L'AKP ne tolère aucune voix dissidente

Juste avant les élections anticipées, Tayyip Erdoğan et l'AKP entreprennent une véritable tentative d'intimidation, critique le quotidien libéral Hürriyet Daily News : "Ces derniers jours en Turquie, on a pu voir le pire de ce qu'un système parlementaire démocratique peut produire lorsque ceux qui sont au pouvoir instrumentalisent les lois à leur guise, en l'absence de tout type de contrôles et de contre-pouvoirs. … La mise au pas du groupe Koza İpek quelques jours seulement avant le scrutin crucial du 1er novembre n'est autre qu'un acte visant à intimider tous ceux, y compris les grandes entreprises, qui osent critiquer ou ne pas soutenir ouvertement l'AKP et son leader de facto, le président Tayyip Erdoğan.
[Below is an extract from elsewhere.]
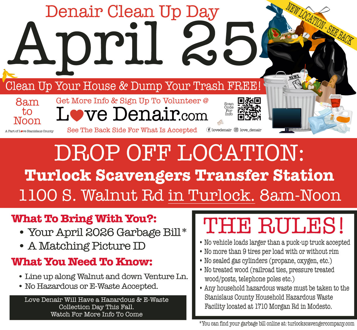 Thank you to everyone that volunteered during our 2025 Denair Cleanup Day. We look forward to improving and working on this project again next year. If you have input we invite you to attend one of our planning meetings. The meetings are held the second Tuesday of each month at the Denair Unified School District Board Room at 3460 Lester Rd., Denair.

Le message est simple : soutenez-nous, faites ce que nous vous disons de faire, ou nous confisquerons tout ce que vous avez sans que personne ne puisse rien faire."

Der Tagesspiegel (DE) /

Après le raid de la police, l'opposition serre les rangs

La mise sous tutelle d'un groupe médiatique d'opposition pourrait se retourner contre le gouvernement AKP, pense le quotidien libéral-conservateur Tagesspiegel : "En s'attaquant au groupe médiatique Koza İpek, il se peut que l'AKP soit allé un peu trop loin. ... Comme on a pu le voir mercredi, l'opération policière a suscité une vague de solidarité dans les rangs de l'opposition. Même les représentants des partis et des médias qui ne témoignent habituellement aucune sympathie à la communauté Gülen, ont réagi avec indignation : ils savent qu'eux aussi sont dans le collimateur de l'AKP. Cette offensive contre les médias est par ailleurs un signe de faiblesse clair. Peu de temps avant les élections, le gouvernement semble ne pas être sûr de pouvoir atteindre ses objectifs par des moyens licites."

The Times (GB) /

La Turquie n'avait jamais été aussi divisée

Le président turc Recep Tayyip Erdoğan a semé le chaos et la zizanie en Turquie afin d'assurer la majorité absolue pour l'AKP aux élections de dimanche, déplore le quotidien conservateur The Times : "Erdoğan estime peut-être qu'il en a fait assez pour convaincre les électeurs inquiets de voter pour son parti nationaliste au pouvoir - et dépeindre les Kurdes et les Turcs libéraux comme des ennemis de l'Etat. Or un potentiel succès électoral dimanche se ferait au prix d'une polarisation inédite du pays et de rumeurs permanentes sur des conspirations occultes, auxquelles les esprits les plus imaginatifs associent à la fois les Etats-Unis et la Russie. C'est un prix élevé à payer pour satisfaire les ambitions d'un seul homme ; un homme que la chancelière Angela Merkel est venue courtiser le week-end dernier, en proposant d'alléger le régime des visas et d'accélérer l'accession du pays à l'UE, alors même que la Turquie sombre dans le chaos et l'autoritarisme."

La Repubblica (IT) /

Un nouveau parti pour apporter le changement

Ce dont la Turquie a besoin, c'est d'une nouvelle force politique, assure le quotidien de centre-gauche La Repubblica : "Mis sous pression par l'actuel conflit entre l'armée turque et la guérilla du PKK, le [parti pro-kurde] HDP tente de trouver un espace autonome, mais sa liberté de mouvement est limitée. S'il peut se targuer de résultats brillants comme les 13 pour cent obtenus aux élections du mois de juin, le HDP ne pourra jamais obtenir de majorité en Turquie ; même en s'ouvrant le plus possible à toutes les minorités, il restera estampillé comme un parti kurde. Dès lors, la perspective d'un véritable changement, et non la volonté de faire seulement barrage à la mégalomanie islamo-nationaliste d'Erdoğan, dépend de l'avènement d'une force politique turque qui s'engage vraiment pour la justice et pour la paix, d'un parti turc dénué d'islamo-nationalisme mais aussi d'un Etat sans 'Etat parallèle'."